ASPEN – A “bandit trail” on Smuggler Mountain that’s growing in popularity among mountain bikers could be closed as early as next month, according to the Aspen Ranger District of the U.S. Forest Service.

The Balcony Trail was illegally constructed over the past two years in the White River National Forest without prior discussion with the Forest Service, said Martha Moran, recreation specialist with the Aspen office.

“We were thinking of signing it and using cameras and closing it off,” Moran said. The cameras would be used to try to identify anyone using the closed trail.



No plan will be finalized until after the Aspen staff meets with the law enforcement branch of the national forest to prioritize how enforcement officers will spend their limited time, Moran said. There is a chance the Forest Service will also investigate who constructed the trail and pursue enforcement action, she said.

The Balcony Trail has become a skirmish connected to the Hidden Gems Wilderness proposal. In a presentation to the Pitkin County commissioners on Tuesday, Gems proponent Sloan Shoemaker said the illegal trail is an example of why more Wilderness is necessary. If greater protections aren’t added, demands for new routes by mountain bikers, dirt bikers and other users of motorized vehicles will lead to further fragmentation of public lands, said Shoemaker, executive director of Wilderness Workshop.




After the commissioners’ meeting, he said that Wilderness Workshop staff members scouted the trail this summer to gather GPS coordinates and map the route. The information was recently turned over to the Forest Service, and a Wilderness Workshop member accompanied a forest ranger to the trail.

The Balcony Trail is in an area that conservation groups want added as Wilderness as part of the Hidden Gems proposal. The trail, on the south side of Smuggler Mountain, is a single-track route that climbs from a prominent spot on the mountain.

Wilderness Workshop’s primary concern is that the trail “is just friggin’ illegal,” Shoemaker said. The trail goes through lands that are severe winter range for elk and a calving area in spring. It is also foraging area for bears and habitat for countless other species of wildlife, according to Shoemaker.

While mountain biking might not affect habitat in the winter, the general use threatens to degrade its value as habitat, he said.

Shoemaker was disappointed that the trail was allegedly cut by mountain bikers over the same period that Hidden Gems organizers were negotiating with cyclists over lands to be designated as Wilderness.

“This community is out of control,” Shoemaker said. “This community needs to do some soul-searching.”

He later amended his comment to target a certain segment of the mountain biking community.
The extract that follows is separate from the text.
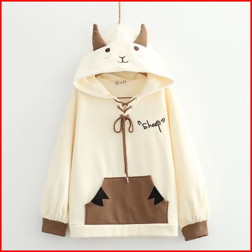 Sheep Sweater Hoodie Wanita Oversize Fleece Tebal - Sweater Korean Style

He said he wasn’t making a blanket statement about all mountain bikers.

Shoemaker alleged that the people who built the trail tried to obscure its entry/exit for an undetermined time and keep secret the illegal use of public land as a private benefit.
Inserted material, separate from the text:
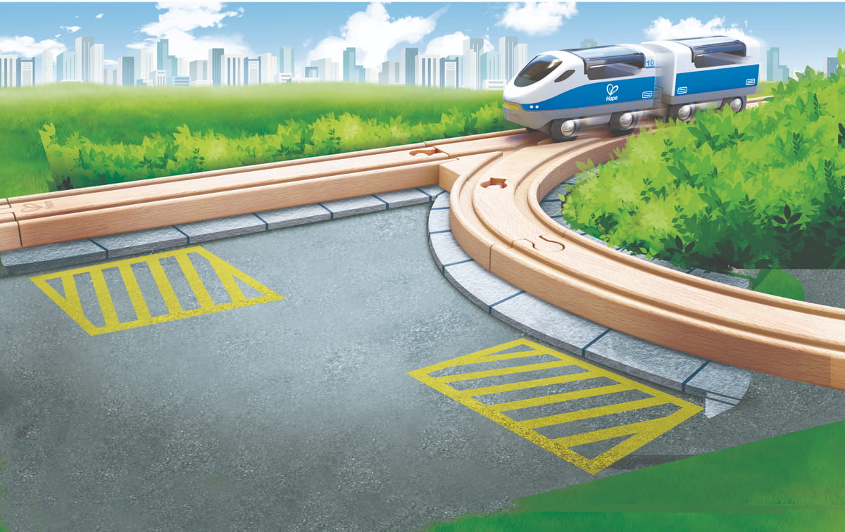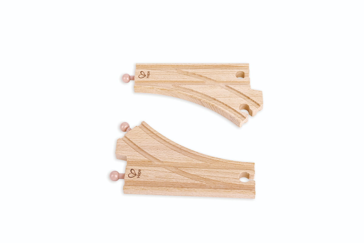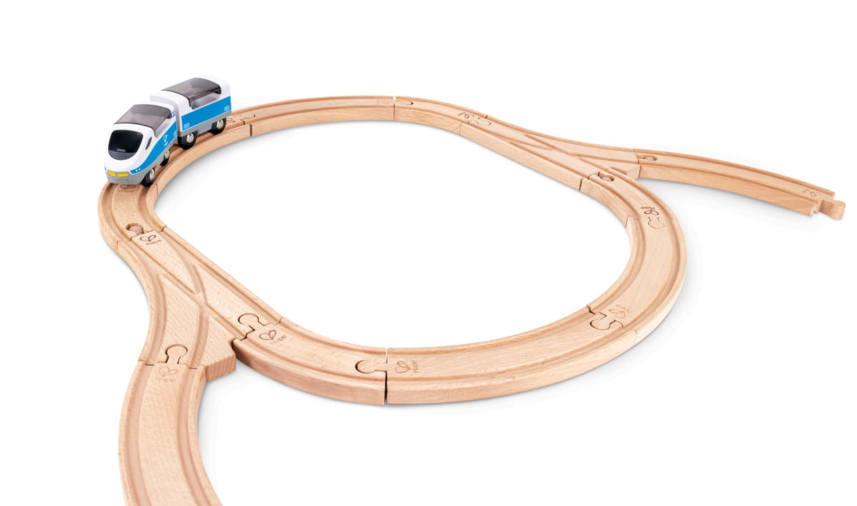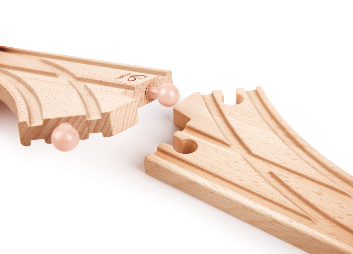 Tömör, tartós bükkfából készült fa sín elemek, simára csiszolt felülettel, amely kényelmes fogást biztosít a kis kezeknek. A 2 darabos készlet végtelen variációs lehetőséget ad a pályarendszer bővítéséhez, és kompatibilis más fa sínrendszerekkel.

“It backfired on them, and it’s going to get shut down,” he said.

Moran said trail construction must go through a thorough Forest Service review process under the National Environmental Policy Act, or NEPA. Issues such as the need for the trail and its affects on the environment would be assessed, she said. If approved, the trail would be properly engineered so it is sustainable and has minimal effect on the surrounding environment. That process requires time, she said.
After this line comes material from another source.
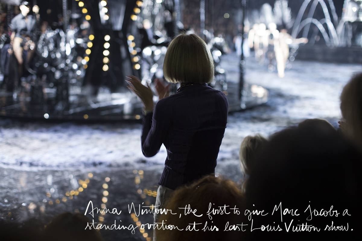 À l'instar d'Anna Wintour (qui fut la première à se lever pour applaudir à la fin du show), c'est un profond sentiment de reconnaissance qui m'envahit à la vue de cette dernière collection Louis Vuitton by Marc Jacobs. Difficile en effet de résister à l'envie de remercier le créateur pour l'audace, l'insolence, la folie, la liberté et la magie qu'il parvint à insuffler à l'excellence Louis Vuitton. Et si certaines de ses créations et de ses partis pris artistiques ne firent pas l'unanimité (voire prêtèrent à controverses), Marc Jacobs n'en restera pas moins à l'origine d'un pan entier de l'histoire de la mode contemporaine.

Numerous trails were illegally constructed in the 1990s on the slopes flanking the Hunter Creek Valley, including Smuggler Mountain, but the vast majority of them were legalized by the Forest Service as part of its forest plan, a management guide for the forest and in a draft of a travel management plan.

But the timing doesn’t work to legalize the Balcony Trail anytime soon. No Forest Service plan is in the works to accommodate the trail.